**How to complete this task**
Restate the data word for word and leave the images out.

**Recorded data**
*** Block opens ***

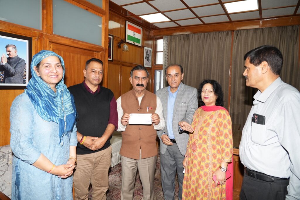 Shimla नगर निगम के महापौर सुरेंद्र चौहान और उप-महापौर उमा कौशल सहित अन्य पार्षदों ने मुख्यमंत्री ठाकुर सुखविंदर सिंह सुक्खू से भेंट की।राज्य में मूसलाधार बारिश के कारण बड़े पैमाने पर हुए नुकसान को ध्यान में रखते हुए महापौर और उप-महापौर ने अपना एक महीने का मानदेय ‘आपदा राहत कोष-2023’ के लिए प्रदान किया है।
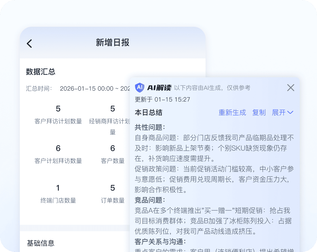 自动整合当日行程、拜访、任务完成情况,AI提炼工作重点;系统自动汇总工作数据,告别手工填写,让汇报回归“汇报”本身。
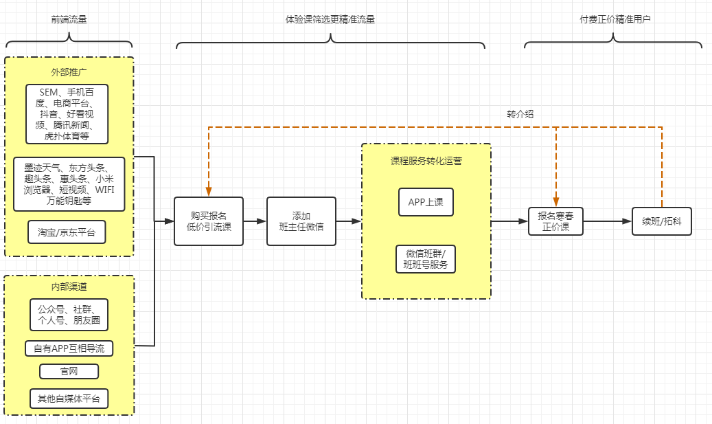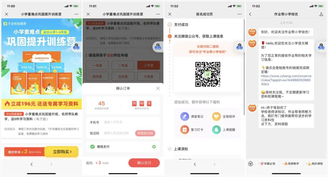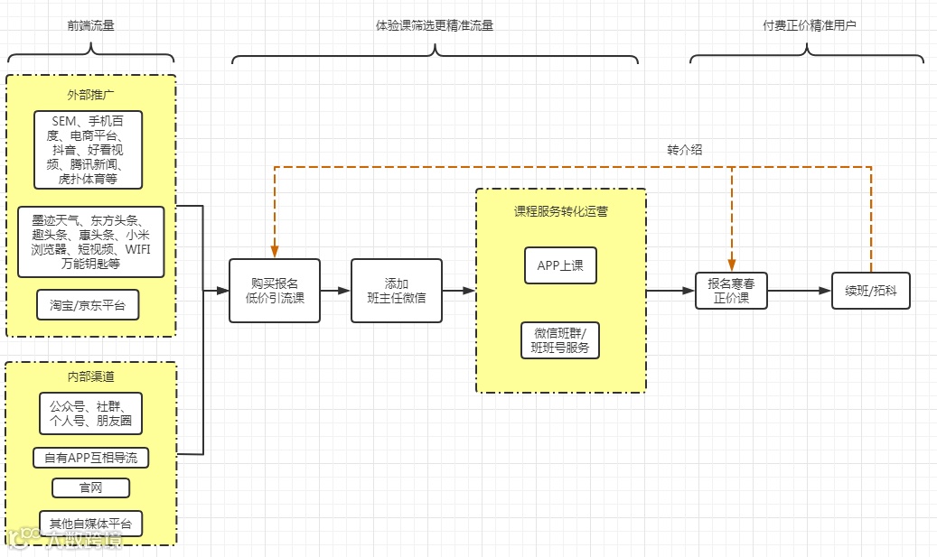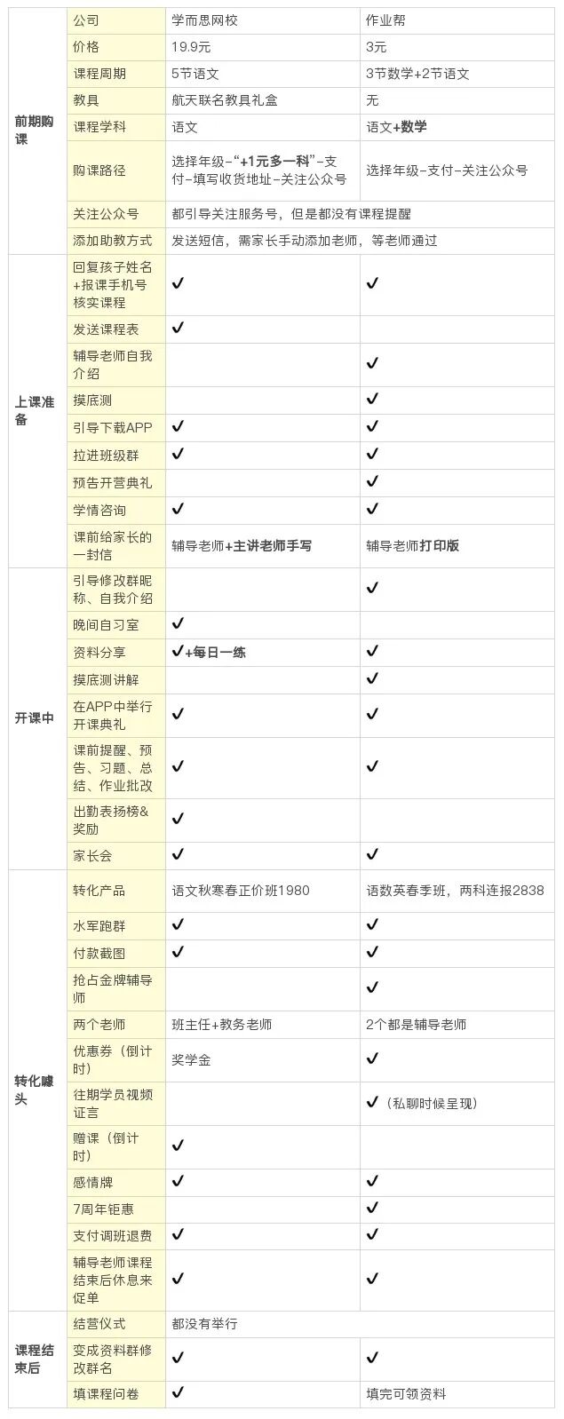 学而思和作业帮都是以低价双师直播引流体验课,通过5天课程体验+社群运营,最终来转化正价班。

*** Block closes ***

**Task result**
 Shimla नगर निगम के महापौर सुरेंद्र चौहान और उप-महापौर उमा कौशल सहित अन्य पार्षदों ने मुख्यमंत्री ठाकुर सुखविंदर सिंह सुक्खू से भेंट की।राज्य में मूसलाधार बारिश के कारण बड़े पैमाने पर हुए नुकसान को ध्यान में रखते हुए महापौर और उप-महापौर ने अपना एक महीने का मानदेय ‘आपदा राहत कोष-2023’ के लिए प्रदान किया है।
 自动整合当日行程、拜访、任务完成情况,AI提炼工作重点;系统自动汇总工作数据,告别手工填写,让汇报回归“汇报”本身。
 学而思和作业帮都是以低价双师直播引流体验课,通过5天课程体验+社群运营,最终来转化正价班。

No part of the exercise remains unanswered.